Everything in the listing that follows should be reproduced exactly except the pictures.

* _DATA SECTION_:
[Start of section]
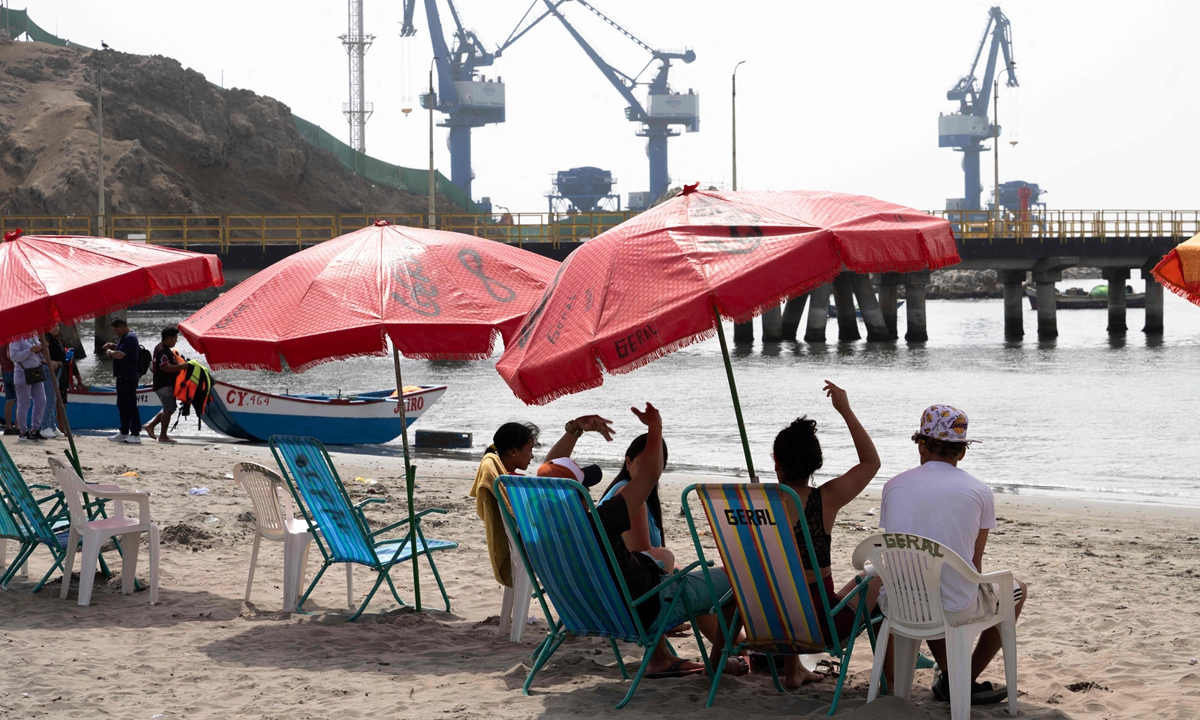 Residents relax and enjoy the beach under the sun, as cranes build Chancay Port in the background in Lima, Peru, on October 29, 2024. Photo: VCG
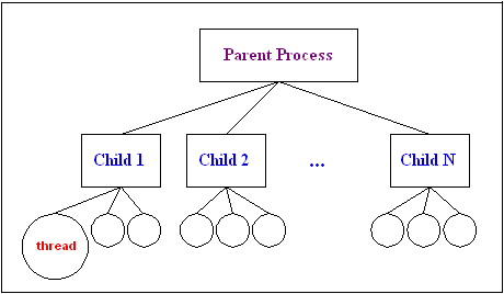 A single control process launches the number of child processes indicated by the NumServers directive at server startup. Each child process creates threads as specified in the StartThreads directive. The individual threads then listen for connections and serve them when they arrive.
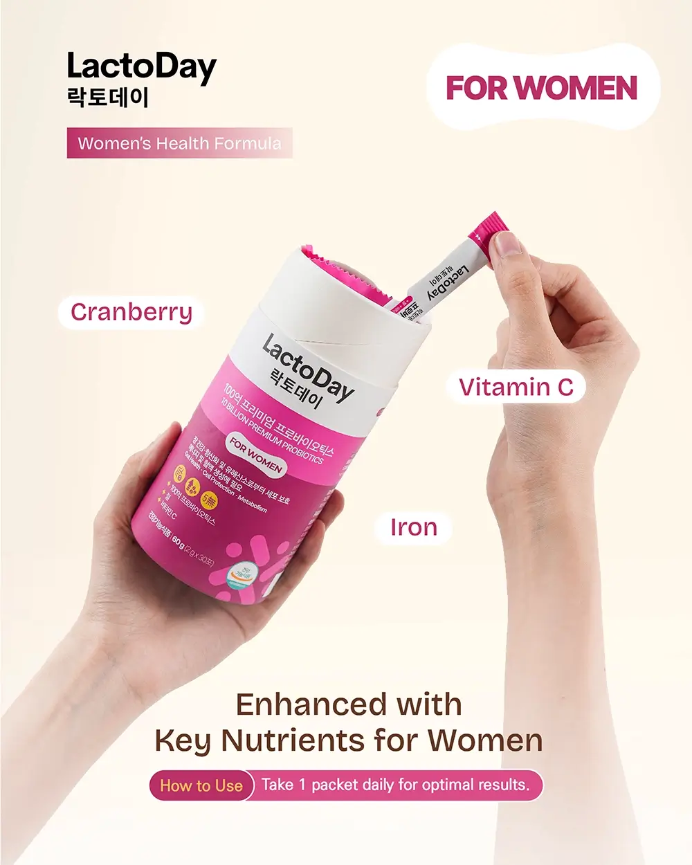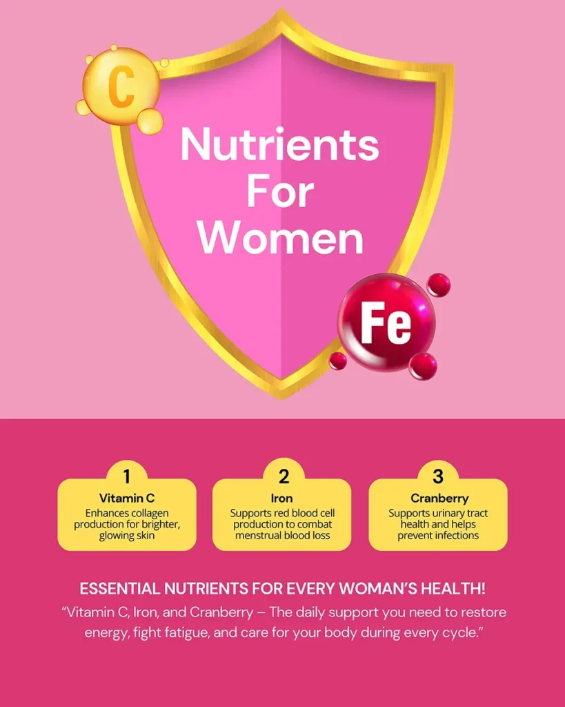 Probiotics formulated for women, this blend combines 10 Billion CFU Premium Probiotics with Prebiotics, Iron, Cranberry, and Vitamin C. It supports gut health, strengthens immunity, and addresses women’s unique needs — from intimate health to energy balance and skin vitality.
[End of section]
* _SOLUTION FOR THIS TASK_:
 Residents relax and enjoy the beach under the sun, as cranes build Chancay Port in the background in Lima, Peru, on October 29, 2024. Photo: VCG
 A single control process launches the number of child processes indicated by the NumServers directive at server startup. Each child process creates threads as specified in the StartThreads directive. The individual threads then listen for connections and serve them when they arrive.
 Probiotics formulated for women, this blend combines 10 Billion CFU Premium Probiotics with Prebiotics, Iron, Cranberry, and Vitamin C. It supports gut health, strengthens immunity, and addresses women’s unique needs — from intimate health to energy balance and skin vitality.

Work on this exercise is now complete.